What Does Virtual Mean?

“Virtual” has had the meaning of “being something in essence or effect, though not actually or in fact” since the mid-1400s. The term “virtual” has been used in the computer sense of “not physically existing but made to appear by software” since 1959.

What are Virtual Reality Cameras?

Virtual reality cameras can be used to create VR photography using 360-degree panorama videos. 360-degree camera shots can be mixed with virtual elements to merge reality and fiction through special effects. VR cameras are available in various formats, with varying numbers of lenses installed in the camera.

Virtual Reality in Entertainment and Video Games

Featured image illustratess Virtual Reality Explained.Virtual reality is most commonly used in entertainment applications such as video games and 3D cinema. Consumer virtual reality headsets were first released by video game companies in the early-mid 1990s. Beginning in the 2010s, next-generation commercial tethered headsets were released by Oculus (Rift), HTC (Vive), and Sony (PlayStation VR), setting off a new wave of application development. 3D cinema has been used for sporting events, pornography, fine art, music videos, and short films. Since 2015, roller coasters and theme parks have incorporated virtual reality to match visual effects with haptic feedback.

When Did the Idea of Creating a “Virtual Reality” First Surface?

In 1938, French avant-garde playwright Antonin Artaud described the illusory nature of characters and objects in the theatre as “La Realite Virtuelle” in a collection of essays, Le Theatre et son double. The English translation of this book, published in 1958 as The Theater and its Double, is the earliest published use of the term “virtual reality”. The term “artificial reality”, coined by Myron Krueger, has been in use since the 1970s. The term “virtual reality” was first used in a science-fiction context in The Judas Mandala, a 1982 novel by Damien Broderick.

What is Simulation-based Virtual Reality?

One method by which virtual reality can be realized is simulation-based virtual reality. Driving simulators, for example, give the driver on board the impression of actually driving an actual vehicle by predicting vehicular motion caused by driver input and feeding back corresponding visual, motion, and audio cues to the driver.
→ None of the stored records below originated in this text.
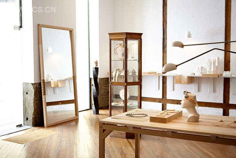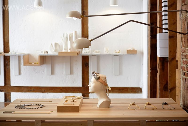 The design and furniture of ANDRESGALLARDO’s studio-shop in Madrid were thought out to give prominence to the pieces that conform his jewelry collections, and to change along with their constant evolution. As part of the designing proposal some of the original structure’s materials were rescued, like the wood beams on the walls and the stone boards. For lighting, custom made ceramic lamps that adapt and blend into the walls are directed towards the jewelry pieces.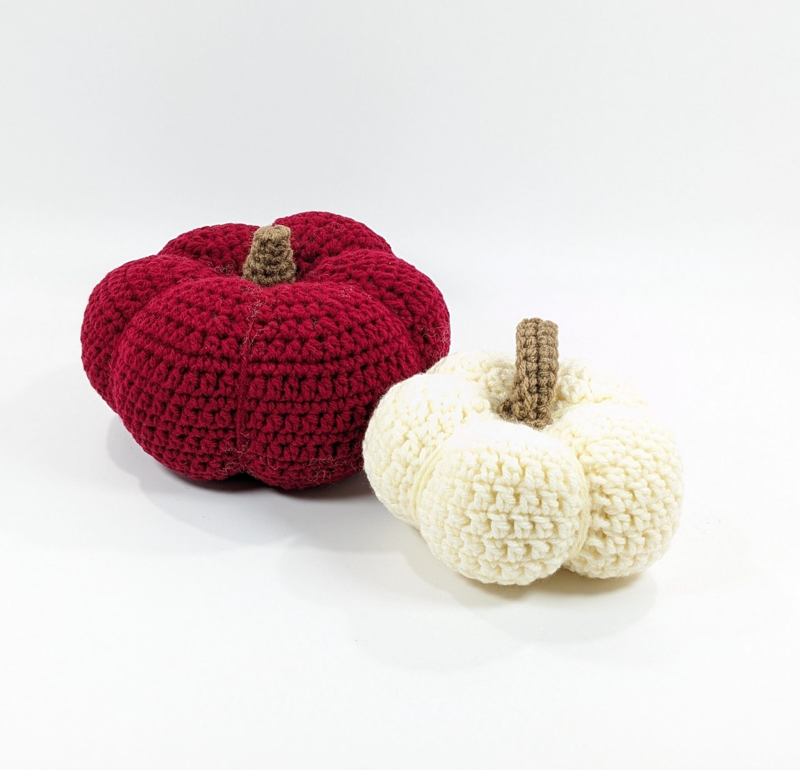 Pumpkin Medium Burgundy & Cream Fall Crochet. You get a set of two pumpkin to decorate your home for fall. Also the red pumpkin measures 61/2″ X 5″ inches wide. You can have one made in orange, burgundy or a light olive green. Also this pumpkin can be made in different sizes at a different price. You can find a large selection of fall items in my shop.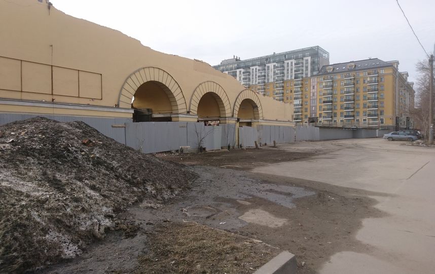 На перекрестке Московского проспекта и набережной Обводного канала (рядом со станцией метро "Фрунзенская") начали сносить корпуса бывшего молочного комбината №1 "Петмол".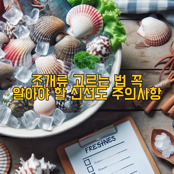 조개류는 그 신선도가 요리의 맛을 좌우하는 중요한 요소입니다. 위의 방법과 체크리스트를 활용하여 신선한 조개를 선택하고, 올바르게 보관하여 건강한 식사를 즐기시기 바랍니다. 신선한 조개와 함께 바다의 풍미를 만끽해 보세요!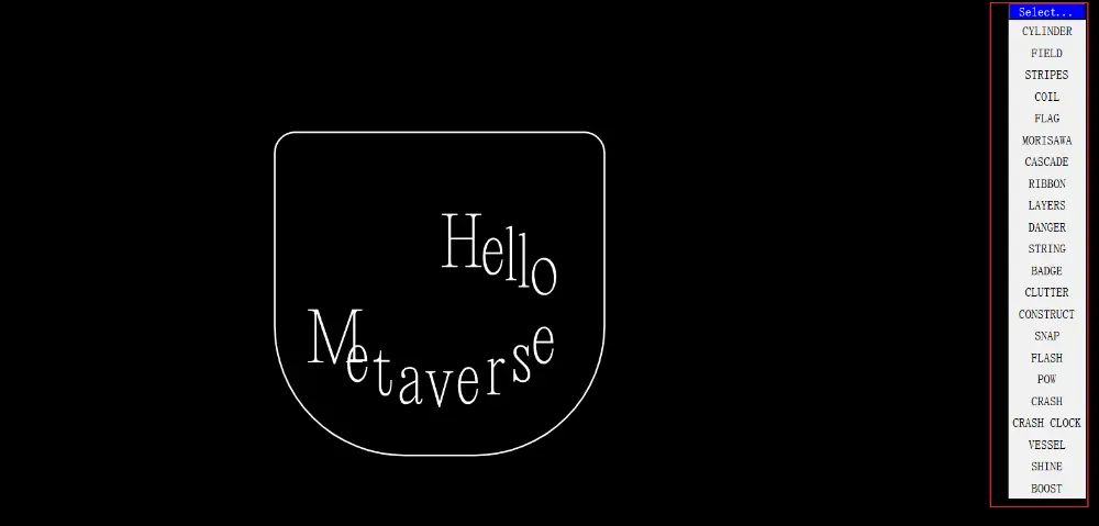 - RIBBON (丝带): 文字像丝带一样在空间中穿梭弯曲。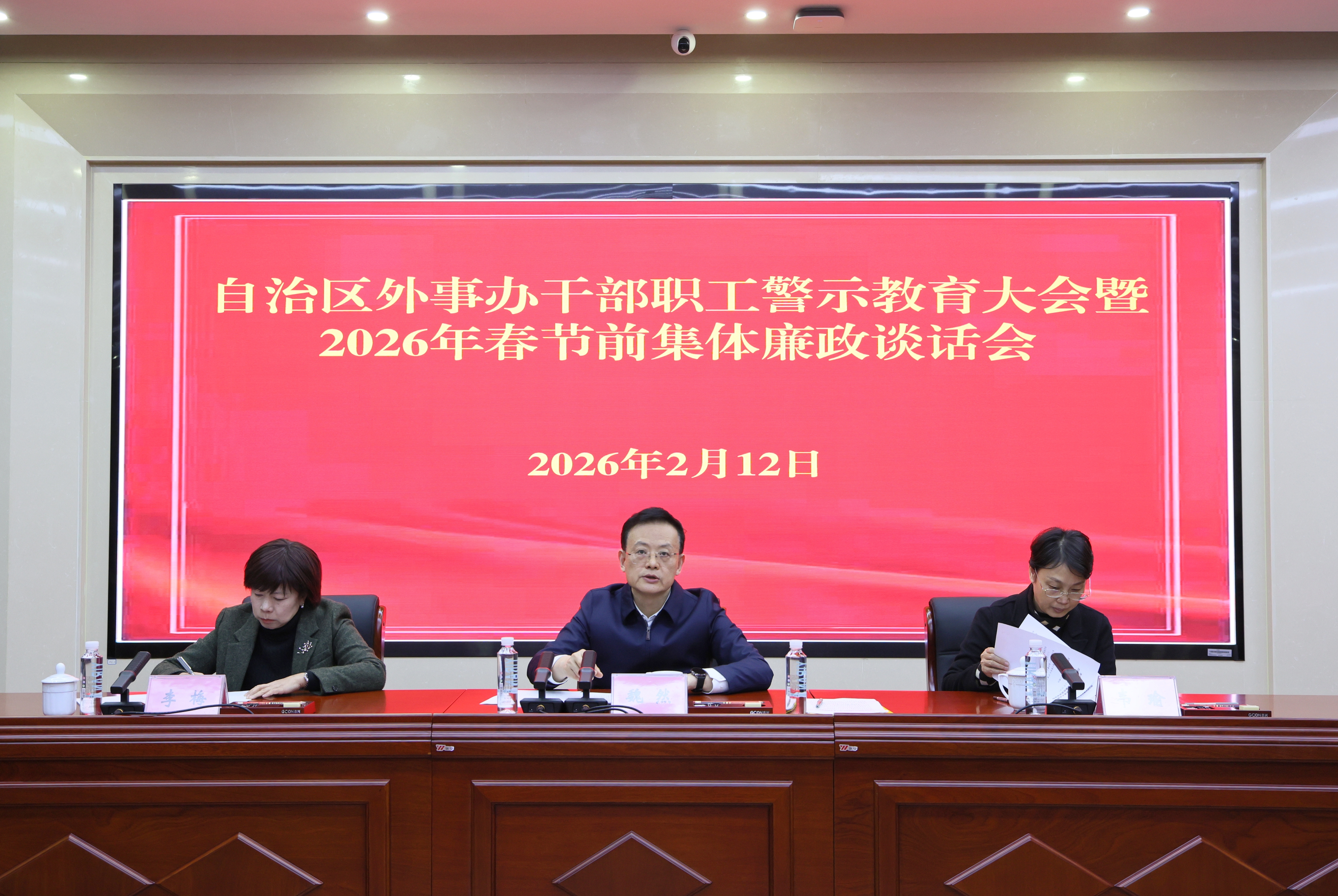 自治区外事办召开全办干部职工警示教育大会暨2026年春节前集体廉政谈话会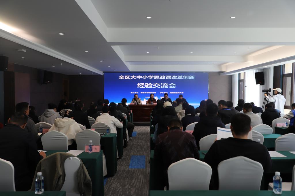 为深入贯彻落实习近平总书记关于学校思政课建设的重要指示精神,全面落实新时代学校思政课建设推进会的部署要求,扎实推进大中小学思政课一体化共同体建设,10月15日至18日,全区大中小学思政课改革创新交流会在拉萨举行。来自全区各地市教育局、大中小学及相关单位的50 余名代表齐聚拉萨,聚焦“大中小思政一体化共同体建设”,共商思政课高质量发展大计。自治区教育厅党组成员、副厅长达瓦卓玛,西藏藏医药大学党委书记、副校长鞠明兵出席会议并讲话,西藏藏医药大学党委委员、副校长边巴仓决出席会议,西藏教育厅思政处副处长吴海东主持会议。

With avatar image-based virtual reality, people can join the virtual environment in the form of real video as well as an avatar. One can participate in the 3D distributed virtual environment as a form of either a conventional avatar or a real video. A user can select their own type of participation based on the system capability.

Projector-based Virtual Reality

In projector-based virtual reality, modeling of the real environment plays a vital role in various virtual reality applications, such as robot navigation, construction modeling, and airplane simulation. Image-based virtual reality systems have been gaining popularity in computer graphics and computer vision communities. In generating realistic models, it is essential to accurately register acquired 3D data; usually, a camera is used for modeling small objects at a short distance.

What is Desktop-based Virtual Reality?

Desktop-based virtual reality involves displaying a 3D virtual world on a regular desktop display without the use of any specialized positional tracking equipment. Many modern first-person video games can be used as an example, using various triggers, responsive characters, and other such interactive devices to make the user feel as though they are in a virtual world. A common criticism of this form of immersion is that there is no sense of peripheral vision, limiting the user's ability to know what is happening around them.

What is a Head Mounted Display (HMD)?

A head-mounted display (HMD) more fully immerses the user in a virtual world. A virtual reality headset typically includes two small high-resolution OLED or LCD monitors which provide separate images for each eye for stereoscopic graphics rendering a 3D virtual world, a binaural audio system, positional, and rotational real-time head tracking for six degrees of movement. Options include motion controls with haptic feedback for physically interacting within the virtual world in an intuitive way with little to no abstraction and an omnidirectional treadmill for more freedom of physical movement allowing the user to perform locomotive motion in any direction.

In 1968, Ivan Sutherland, with the help of his students including Bob Sproull, created what was widely considered to be the first head-mounted display system for use in immersive simulation applications. It was primitive both in terms of user interface and visual realism, and the HMD to be worn by the user was so heavy that it had to be suspended from the ceiling. The graphics comprising the virtual environment were simple wire-frame model rooms. The formidable appearance of the device inspired its name, The Sword of Damocles oculus rift.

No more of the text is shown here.